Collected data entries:
%%

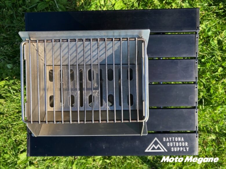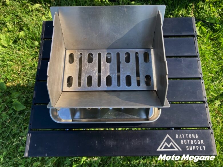 これはプレート状のパーツを差し込むだけで、簡単に組み立てられる焚き火台で、網も付いているのでBBQも可能です。
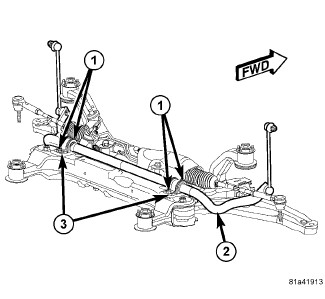 9. Remove the bungee cord or other supporting the steering gear (2).
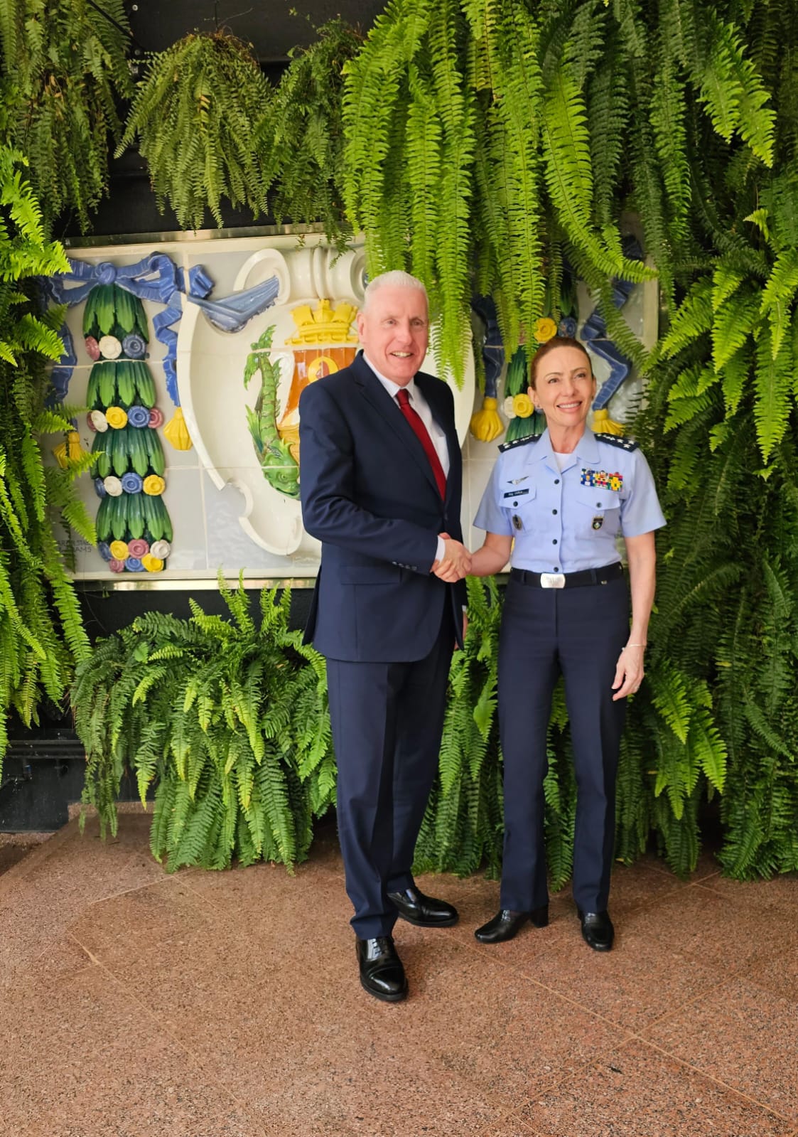 A Comandante e Reitora da Escola Superior de Defesa (ESD), Major-Brigadeiro Médica Carla Lyrio Martins, visitou a Embaixadora do Reino Unido Stephanie Al-Qaq, nessa quinta-feira (05/12), em Brasília (DF).
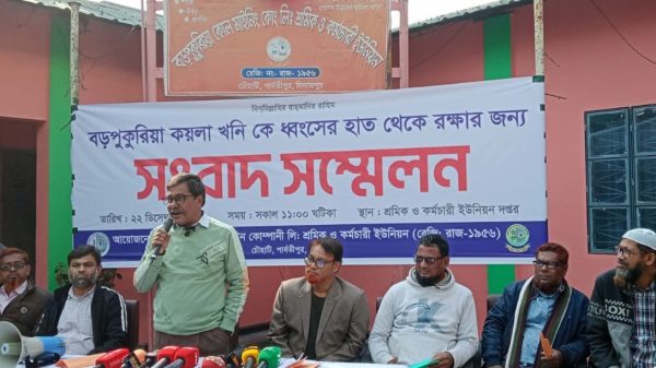 বড়পুকুরিয়া খনির কয়লা খোলাবাজারে বিক্রির দাবিতে সংবাদ সম্মেলন
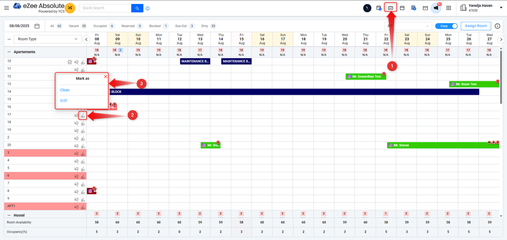 How to Update Dirty/ Clean Rooms in eZee Absolute
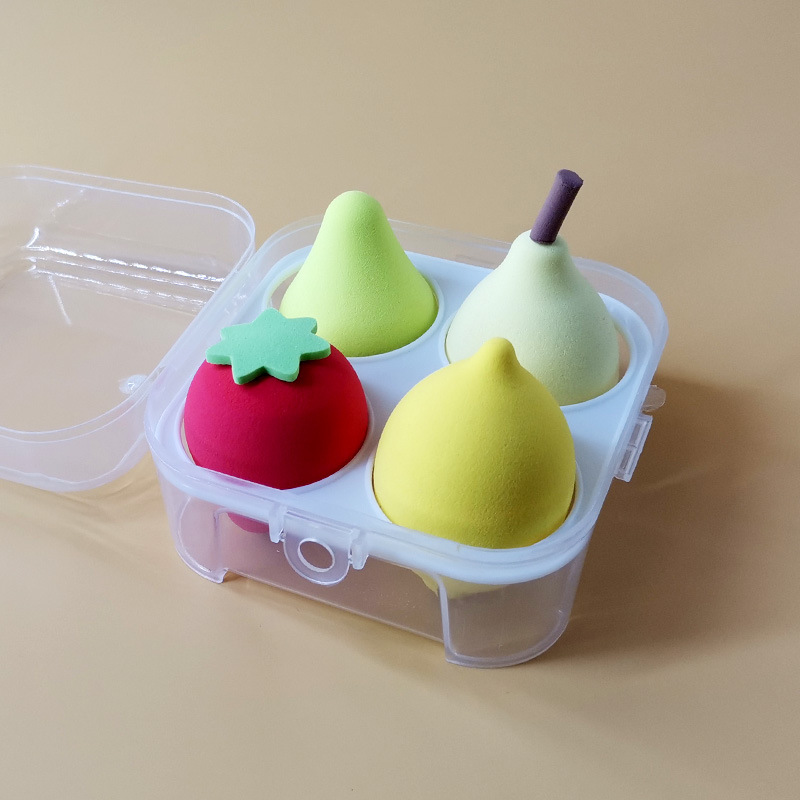 -Mút trang điểm 4 món hình quả trứng trái cây , bông tán phấn nhiều màu có hộp đựng , xinh xắn siêu đáng yêu cute -Xuất xứ : Trung Quốc -Chất liệu : cao

%%

§ **What is being asked**
The records above are to be reproduced exactly; the pictures are to be left out.

§ **Answer to the problem**
 これはプレート状のパーツを差し込むだけで、簡単に組み立てられる焚き火台で、網も付いているのでBBQも可能です。
 9. Remove the bungee cord or other supporting the steering gear (2).
 A Comandante e Reitora da Escola Superior de Defesa (ESD), Major-Brigadeiro Médica Carla Lyrio Martins, visitou a Embaixadora do Reino Unido Stephanie Al-Qaq, nessa quinta-feira (05/12), em Brasília (DF).
 বড়পুকুরিয়া খনির কয়লা খোলাবাজারে বিক্রির দাবিতে সংবাদ সম্মেলন
 How to Update Dirty/ Clean Rooms in eZee Absolute
 -Mút trang điểm 4 món hình quả trứng trái cây , bông tán phấn nhiều màu có hộp đựng , xinh xắn siêu đáng yêu cute -Xuất xứ : Trung Quốc -Chất liệu : cao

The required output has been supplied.